> **Task description**
Reproduce only the lines below from the line containing "Iptoros Serejonesse: A" to the line containing "CHAPTER III. - Judiciary, the", exactly as written, with both end lines kept. Omit the pictures.

> **Dataset**
§
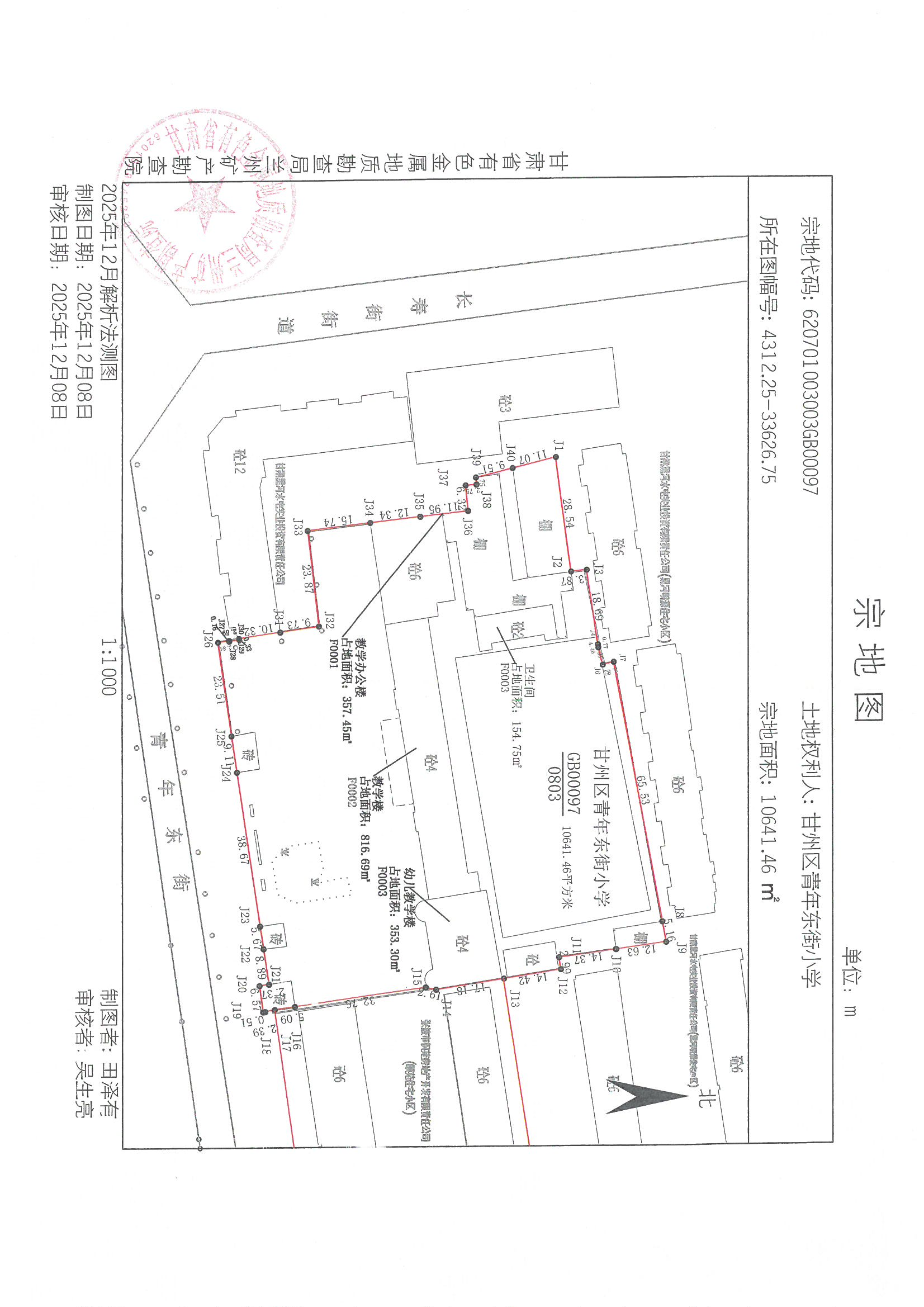 宗地位于甘州區(qū)青年?yáng)|街140號(hào),宗地面積10641.46平方米,規(guī)劃及實(shí)際用途為教育用地。根據(jù)《中共張掖市委辦公室 張掖市人民政府辦公室關(guān)于印發(fā)張掖市市級(jí)黨政機(jī)關(guān)事業(yè)單位不動(dòng)產(chǎn)權(quán)屬統(tǒng)一登記工作實(shí)施方案的通知》(市委辦字〔2023〕69號(hào))要求,市機(jī)關(guān)事務(wù)局委托第三方進(jìn)行地籍調(diào)查形成了《地籍調(diào)查表》,權(quán)利人為甘州區(qū)青年?yáng)|街小學(xué),使用權(quán)類型為劃撥,用途為教育用地。
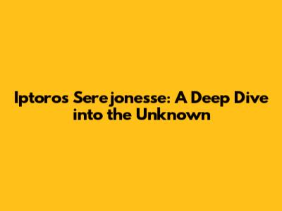 Iptoros Serejonesse: A Deep Dive Into The Unknown
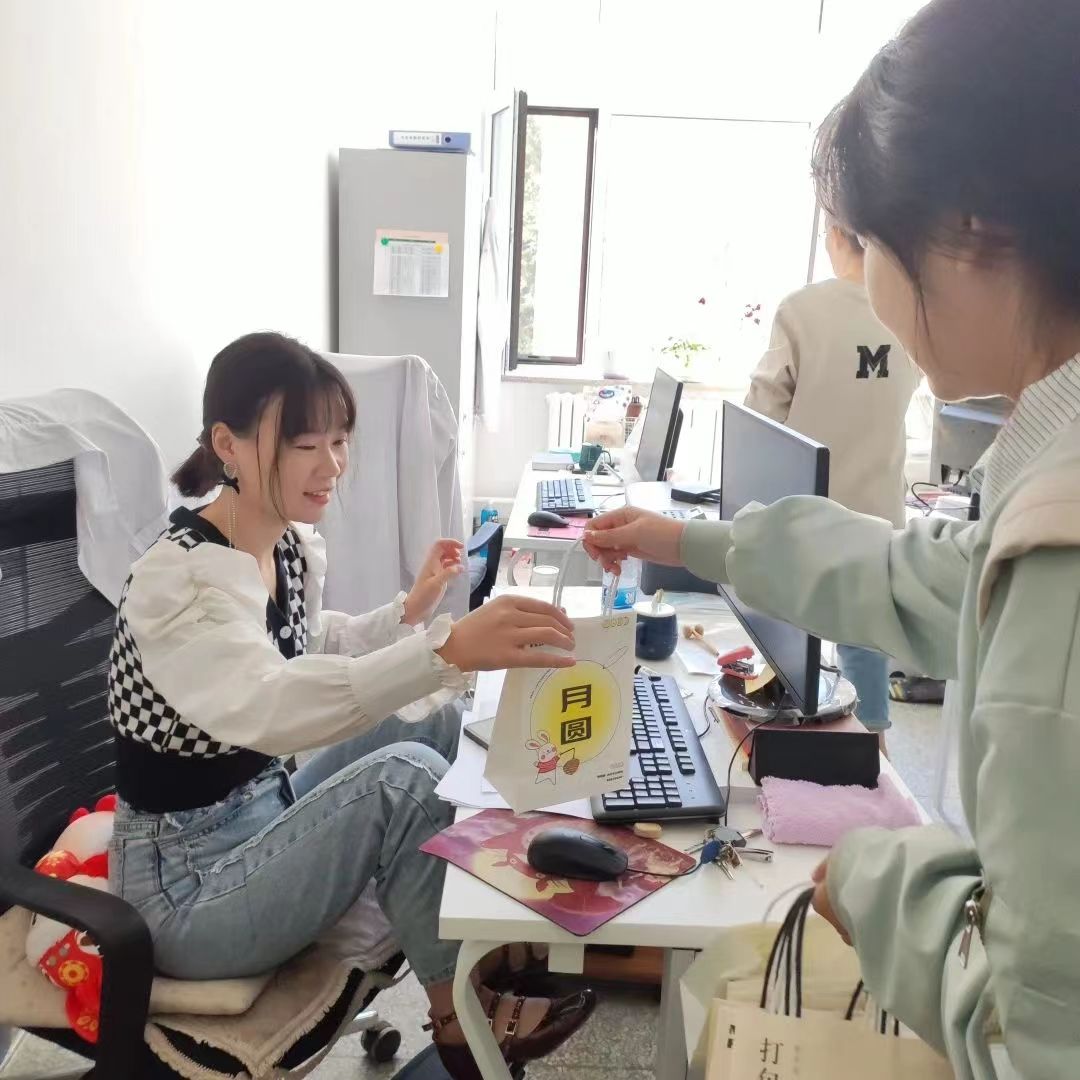 为全体教师送去了同学们亲手制作的月饼,衷心祝愿全体老师中秋、国庆双节快乐。中秋佳节,千里共婵娟,在这个欢聚一堂的时刻,没有比一份寓意团圆美满的中秋月饼更合适的礼物了。
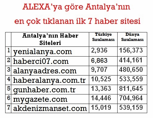 Alanya'nın ilk internet gazetesi olan ve bu yıl 10'uncu yılını kutlayan alanyaadres.com istatistiklerde de zirvede yer aldı. WEB siteleri hakkında bilgileri toolbarı yoluyla toplayarak, ziyaretçi sayıları (trafik) üzerinden sıralama yapan servis Alexa, Antalya'daki en çok tıklanan haber sitelerini açıkladı. Açıklanan listeye göre alanyaadres.com Antalya'da 3'üncü Alanya'da 2'inci sırada yer aldı. Antalya genelinde yenialanya.com ipi gögüslerken, haberalanya.com'da alanyaadres.com'un hemen ardından 4'üncü sırada yer aldı.
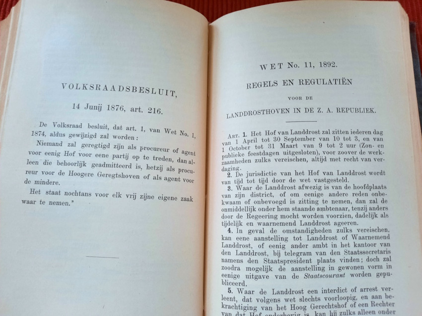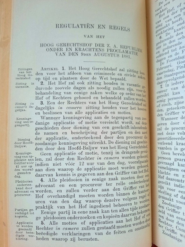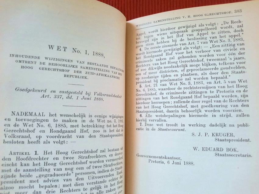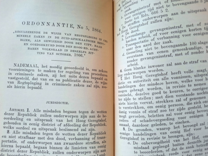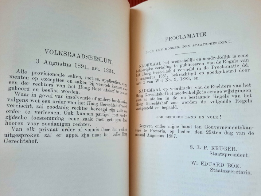 CHAPTER III. - Judiciary, the Courts of Appeal, the Public Prosecution Service, Procedures, Landdrosten, Justices of the Peace (contains: Proclamation concerning the establishment of the Supreme Court of Justice; Composition of the Supreme Court; Amendment of existing laws regarding courts of appeal; Amendment of the existing provisions regarding the composition of the Supreme Court; People's Council Decree of August 3, 1891, Article 1234; Regulations and Rules of the Supreme Court; Rate for the Higher Courts; Amendment of the tariffs for the Courts of Appeal; Travel and accommodation expenses for witnesses in criminal cases; Instructions for the Bailiff; Instructions for the Master of the High Court; Ordinance on the administration of justice in criminal cases; Instructions for the State Attorney and the Public Prosecutors; Method of proceeding before the Courts of Appeal of Landdrosten and of Landdrosten and Heemraden; Rules and regulations for the Landdrost-Hoven; Instructions for field cornets and assistant field cornets; Justices of the Peace; The appearance of witnesses in the courts of the Orange Free State; Ditto in the courts of Zululand; Providing documents from public offices; Summons of members of the People's Council; Collection of small debts; Sale of goods in execution pursuant to a judgment of the Court of the Landdrost; Hostage situation; Extradition Act);
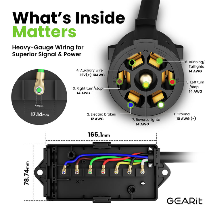 - Energize your World Everywhere: 7 pin trailer plug and trailer wiring kit keeps your whole vehicle connected during any trip without worries. GEARit gives you heavy-duty and easy-use products to ensure you're always connected
§
> **Answer to this problem**
 Iptoros Serejonesse: A Deep Dive Into The Unknown
 为全体教师送去了同学们亲手制作的月饼,衷心祝愿全体老师中秋、国庆双节快乐。中秋佳节,千里共婵娟,在这个欢聚一堂的时刻,没有比一份寓意团圆美满的中秋月饼更合适的礼物了。
 Alanya'nın ilk internet gazetesi olan ve bu yıl 10'uncu yılını kutlayan alanyaadres.com istatistiklerde de zirvede yer aldı. WEB siteleri hakkında bilgileri toolbarı yoluyla toplayarak, ziyaretçi sayıları (trafik) üzerinden sıralama yapan servis Alexa, Antalya'daki en çok tıklanan haber sitelerini açıkladı. Açıklanan listeye göre alanyaadres.com Antalya'da 3'üncü Alanya'da 2'inci sırada yer aldı. Antalya genelinde yenialanya.com ipi gögüslerken, haberalanya.com'da alanyaadres.com'un hemen ardından 4'üncü sırada yer aldı.
 CHAPTER III. - Judiciary, the Courts of Appeal, the Public Prosecution Service, Procedures, Landdrosten, Justices of the Peace (contains: Proclamation concerning the establishment of the Supreme Court of Justice; Composition of the Supreme Court; Amendment of existing laws regarding courts of appeal; Amendment of the existing provisions regarding the composition of the Supreme Court; People's Council Decree of August 3, 1891, Article 1234; Regulations and Rules of the Supreme Court; Rate for the Higher Courts; Amendment of the tariffs for the Courts of Appeal; Travel and accommodation expenses for witnesses in criminal cases; Instructions for the Bailiff; Instructions for the Master of the High Court; Ordinance on the administration of justice in criminal cases; Instructions for the State Attorney and the Public Prosecutors; Method of proceeding before the Courts of Appeal of Landdrosten and of Landdrosten and Heemraden; Rules and regulations for the Landdrost-Hoven; Instructions for field cornets and assistant field cornets; Justices of the Peace; The appearance of witnesses in the courts of the Orange Free State; Ditto in the courts of Zululand; Providing documents from public offices; Summons of members of the People's Council; Collection of small debts; Sale of goods in execution pursuant to a judgment of the Court of the Landdrost; Hostage situation; Extradition Act);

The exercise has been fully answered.